My dad was from Alabama and I was born in Georgia. We moved here in the late 40s and I remember the trip.
We lived in Oswego, later renamed Lake Oswego when they merged with Lake Grove and it was incredibly racist. I knew dirty jokes about every race except the White Anglo-Saxon Protestants. My father was a bit of a racist until I was 12 and that was when he went 180 degrees the other way and said he didn't blame Blacks from being angry with Whites. Actually he confessed to me that he was never really comfortable with being a racist and that was because he was a naturally curious person who didn't feel quite right about being a racist. He switched and became a flaming Liberal. I also became a flaming Liberal when I was 12 which suddenly made sense to me.
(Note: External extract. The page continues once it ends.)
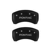 Lot de 4 couvre-étriers, gravés avant et arrière : Pontiac, finition poudre rouge, caractères argentés.

My father then went on to tell me that my 1/16th Indian (Cherokee) meant that I could not attend a public school by law in the state of South Carolina and this hit me like a ton of bricks. What a bunch of backward people they are in that part of the country.
Now, Lake Oswego is decidedly Liberal. The old and stupid days are gone forever.
 
I mean, I guess that's one way to approach it. But I've never been one to bury my head in the sand. As a matter of fact, it's that ugly history which my people survived and in some ways thrived (think soul food and negro spirituals) which make me proud. Growing up, it was truly a source of pride in that we KNEW we were strong for the simple fact of what we'd gone through. Also, it does not have me walking around here fueled by anger or hate and that was taught to me by my mother. She was born into 1930's Alabama, then moved as a teen to 1940's Oregon, probably the most racist state outside of the south. And she still managed to have love for EVERYONE. Talk about overcoming.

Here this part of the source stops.